**About this task:** From the line with "Enterprise-grade encryption, data" to the line with "South LA Area", output every line below exactly, both ends included. Skip the pictures.

**Information:**
-------

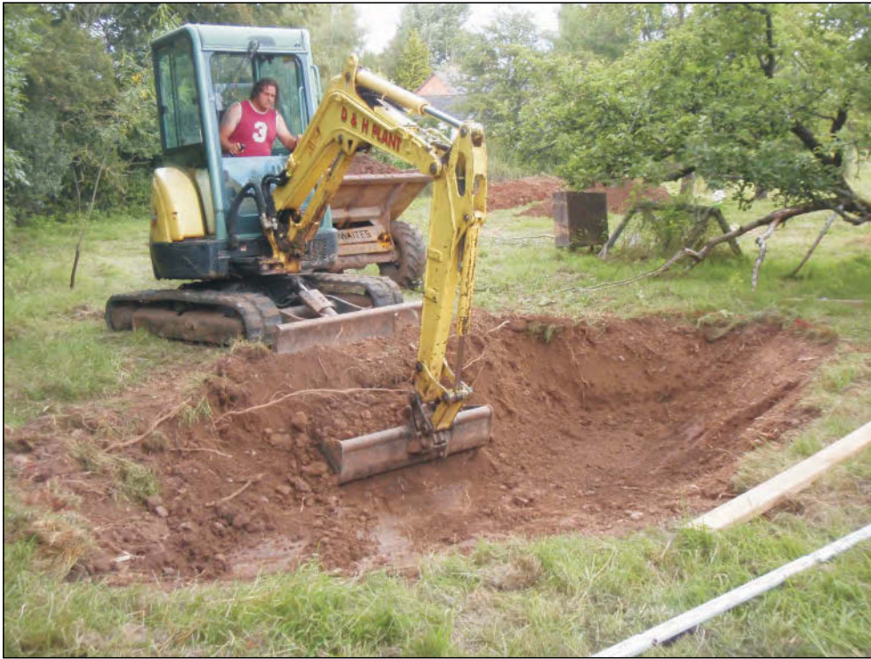
Pl. 1 General view of pond showing depth of excavations. Looking northeast.
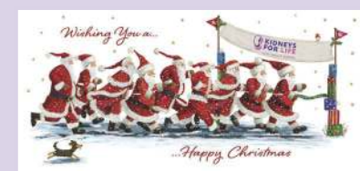
F: Kidneys For Life Santa Dash £4.00 (21cm x 10cm)
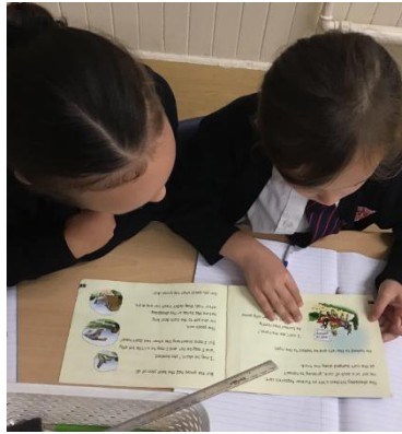
Year 1 have loved reading longer stories in RWI.
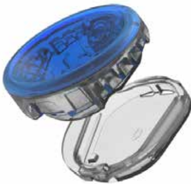
Figure 3 Sensor and Shim Assembly
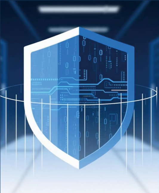
Enterprise-grade encryption, data isolation, hybrid cloud or private deployment options.

Personal Workstation and Standard Edition coming out soon, suitable for smaller scale applications.
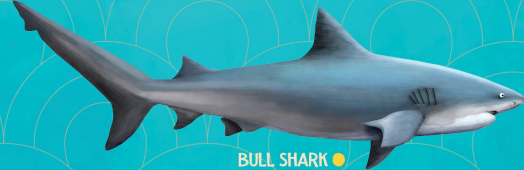
BULL SHARK CARCHARHINUS LEUCAS
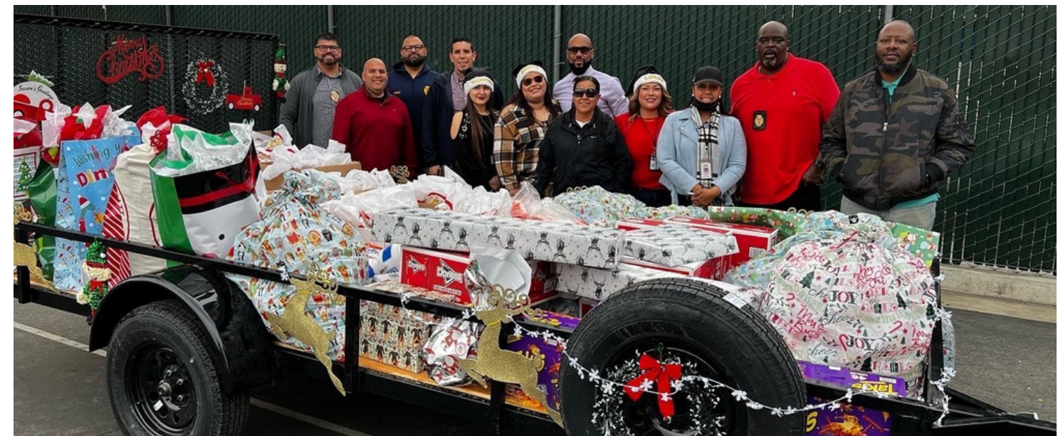
South LA Area Office AB-109 Deputies adopted Estrella Elementary School for the Holidays

The AB-109 DPOs also spread a little extra holiday cheer and provided seven students whose families fell on hard times with additional gifts, including toys, clothing, coats, shoes, and gift cards. The DPOs ended their visit with a pizza party for the entire school.
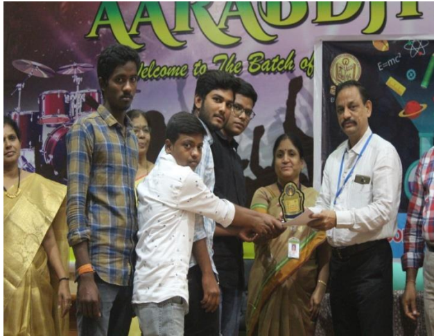
Model presentation Winners receiving Cash prize of Rs.1000/-
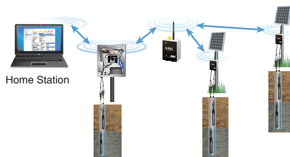
STS Edge Remote Station

You can expand your telemetry system by connecting a Solinst RRL network to a STS Edge Remote Station. A closed-loop network of RRL radios reports data to the STS Edge; all data is then sent to the Home Station via the STS Edge GSM modem. Up to four dataloggers can be connected to each RRL. (See Model 9200 Data Sheet.)

-------

**Exercise result:**
Enterprise-grade encryption, data isolation, hybrid cloud or private deployment options.

Personal Workstation and Standard Edition coming out soon, suitable for smaller scale applications.
BULL SHARK CARCHARHINUS LEUCAS
South LA Area Office AB-109 Deputies adopted Estrella Elementary School for the Holidays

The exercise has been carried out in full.